At the arm-waving level of precision …Each layer of abstraction only adds opportunity for error; it cannot reduce it. A layer can try to check for inconsistencies in data at at it’s own level. A layer has a very hard time checking for anything at a lower level. Ultimately you end up trusting that the lower level is telling you the truth.
If the software starts misbehaving, this will likely show up as inconsistencies in its data or working state (which runtime checks can catch). Or else it crashes, of course.
You cannot make RAM that will never yield bit errors (and no one bothers to make ram that can correct more than 1 error per 64 bits).
A layer can check for inconsistencies at a lower level and doesn’t have to just trust it (network protocols do this all the time).

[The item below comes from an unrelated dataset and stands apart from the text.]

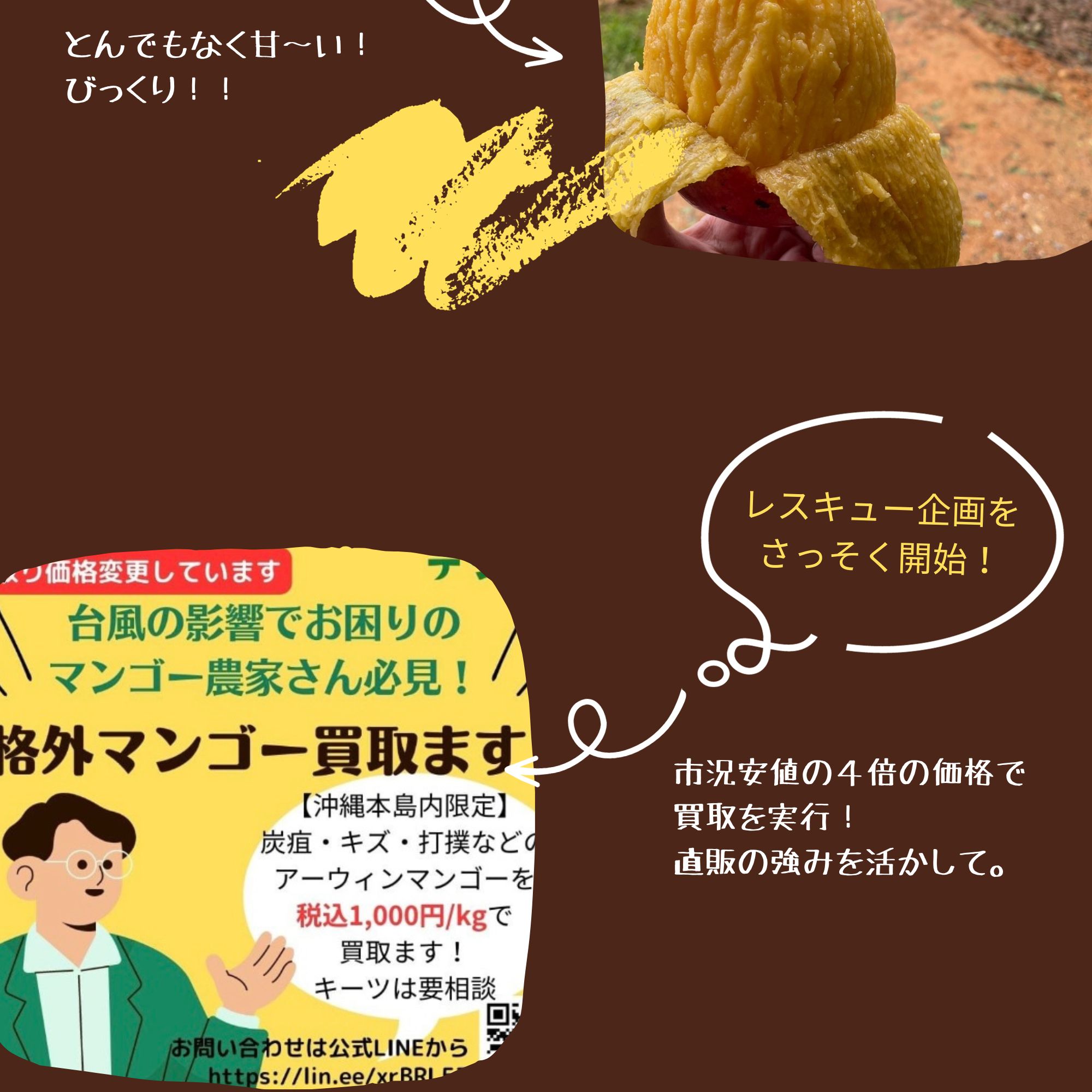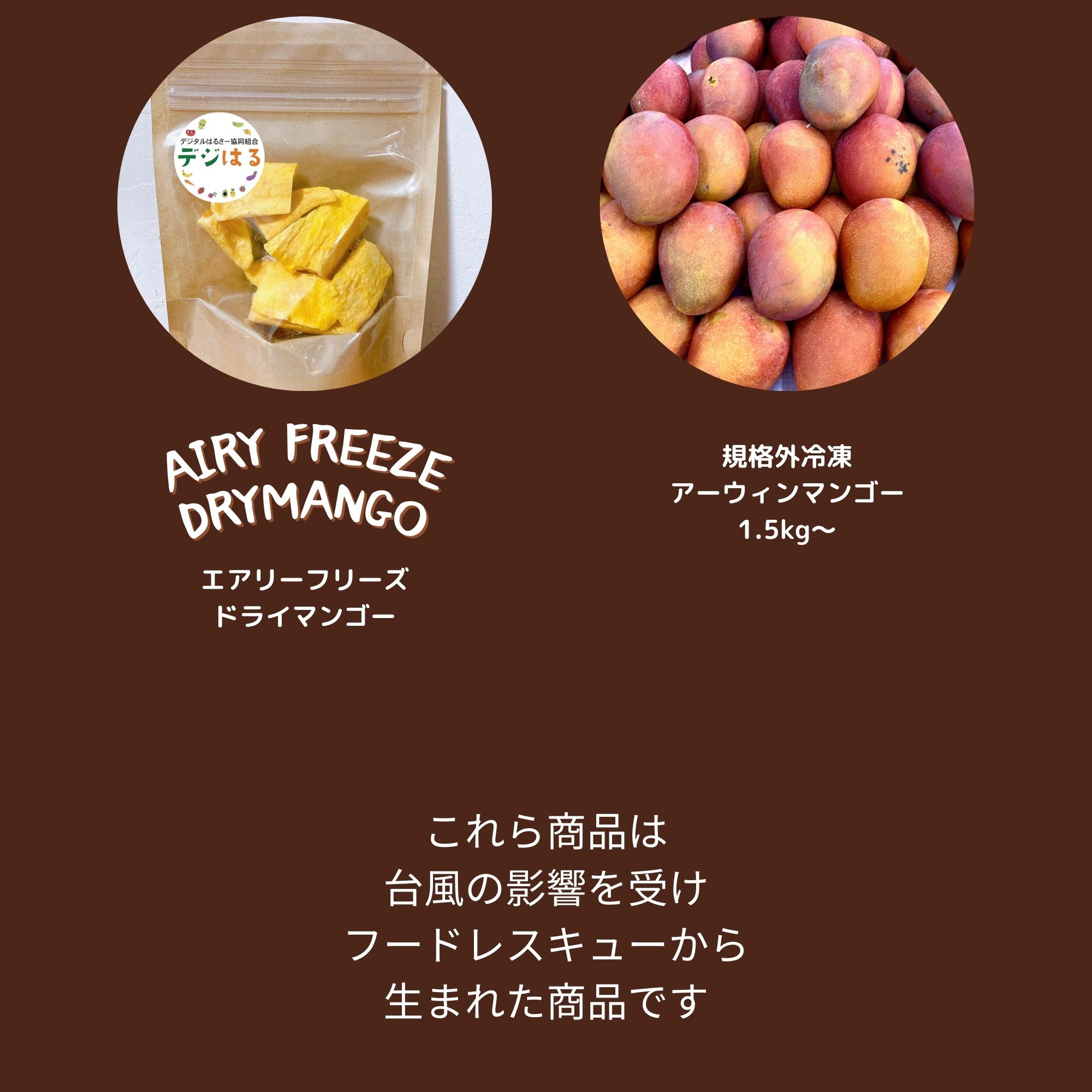 デジタルはるさー協同組合(代表理事:新垣 裕一)は、株式会社すえひろ(代表:徳元 春雄)の協力のもと、台風の影響を受けた規格外マンゴーを活用した3商品をリリースしました。

What’s true is that it can’t do checks on behalf of the layer above it.
I think it depends on the application. Clearly a bit flip in a word that is uninitialized won’t matter. In most cases, this will be most of your memory. A bit flip in a word which has been read and will be written into won’t matter either. On the other hand, a bit flip in a small, heavily used, cache will get you if not corrected.
However, if you have a high error rate, you’ll soon find out - if you’re lucky.